Anyone who approaches the Financial Services Board (FSB) can pick up a financial services provider (FSP) number for three months and remain on the FSB online database indefinitely.
This became clear when Fin24.com did a search on the FSB's website to determine the trading status of failed derivatives trader Dealstream Securities.
On Monday it emerged that Dealstream, one of South Africa's largest contracts for difference (CFD) market-makers, had closed up shop and client accounts had been emptied.
The firm's failure has seen private traders and at least one AltX-listed company, Vox Telecom, lose a great deal of money.
"From the moment a company contacts the FSB call centre (with the intention of becoming a registered financial institution) they are issued with an FSP number," said Manasse Malimabe, head of the FAIS division of the FSB.
"Firms then have three months in which to complete all relevant documentation to process their registrations," he said.

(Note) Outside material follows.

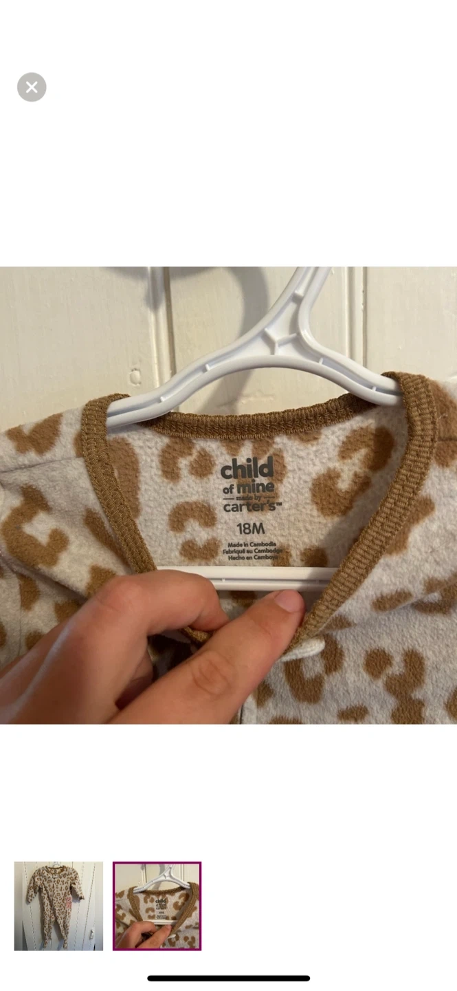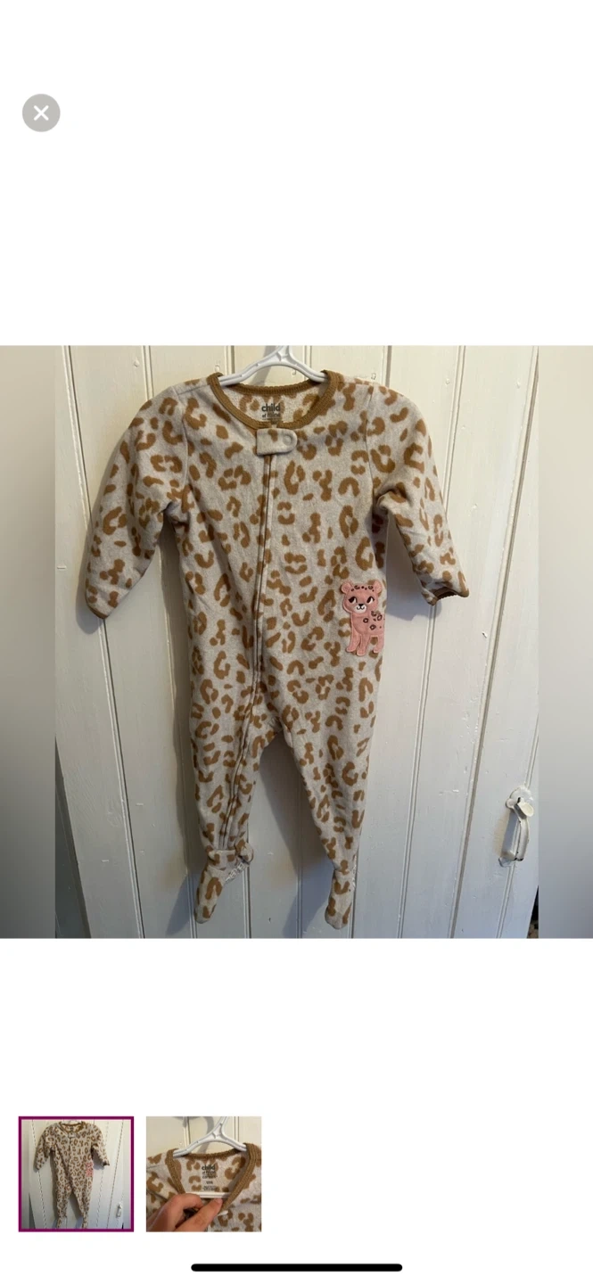 Carters brand. Zip up fleece sleeper. Grey & brown cheetah print. Size 18m. Brand new condition

Dealstream's FSP number is listed as 29 541 on the FSB's site, but its record has been marked as cancelled.
The Financial Advisory and Intermediary Services Act (FAIS) department of the FSB is responsible for issuing licenses, assessing financial services firms and taking action against firms who fail to comply with FSB legislation.
The department is also responsible for 'risk-based supervision' of financial service providers and their compliance with legislation. This includes on-site visits to FSPs and liaison with compliance officers.

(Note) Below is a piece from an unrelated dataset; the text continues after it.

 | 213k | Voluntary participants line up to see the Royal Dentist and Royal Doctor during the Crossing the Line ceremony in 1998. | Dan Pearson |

Malimabe confirmed that Russell Leigh, the MD of Dealstream, was the contact person for this licence. However neither the FSB contact centre, communications or FAIS departments were able to confirm when the licence application had been received or cancelled.

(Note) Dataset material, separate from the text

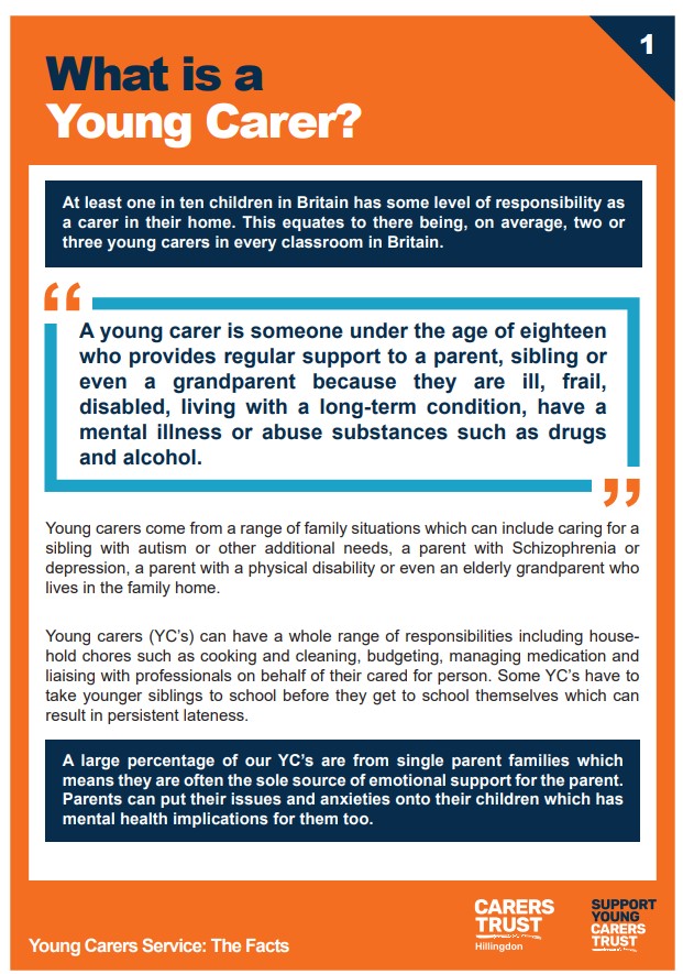 If you would like further information, please speak to Ms Lisa Wyatt in school 0208 4290005 Ext.133 or contact Carers Trust Hillingdon on 01895 811206.

Malimabe was "not aware" of the circumstances surrounding Dealstream's collapse or that the business had gone under.
- Fin24.com
Dealstream shows FSB flaw
History repeats itself. Remember (the quadriplegic) Keith Scott of SAM (Scott Asset MAnagers)? He too was a respected trader who built up quite a reputation managing a "Magnum" fund for the founder of Dions, a gentleman by the name of Friedland. He managed 100%+ annual performances when the mean was a mere 18% and became quite a guru. Scott went on to become a futures trader (registered with SAFEX) and to cut a very long story very short, swindled the opublic and PACT (Performing Arts Council of the Tvl) of some R300+ million. He, unlike Dealstream, showed up as a member in good standing of both the FSB and SAFEX. Fat lot of help!!! When the brown stuff hit the fan neither body did anything and investors lost all. The liquidation div was approximately 3%, probably more than will be the case with Dealstream. SAM, SCOTT ASSET MANAGERS, REFLECTED AS A MEMBER IN GOOD STANDING OF THE FSB WHILST LIQUIDATION PROCEEDS WERE BEING INSTITUTED AND CERTAIN GULLIBLE PEOPLE LOST MONEY IN THIS PERIOD!!!!!!!!!!!!!
Surely if this is a FAIS issue and presumably FICA as well how could the FSB allow them to ply their trade without getting all the details and signing off the deal. Don't belive you can trade as a private individual with an online company until all the documentation is completed by these on line companies. FSB should manage their accountabilities a lot better than they are after all tehy were set up as the watch dog for all financial services
you won't get any financial players to allow themselves to be quoted on it, but I think the overall market concencus is that the fsb is pretty incompetent. Sadly there is little sign things will improve in the forseeable future.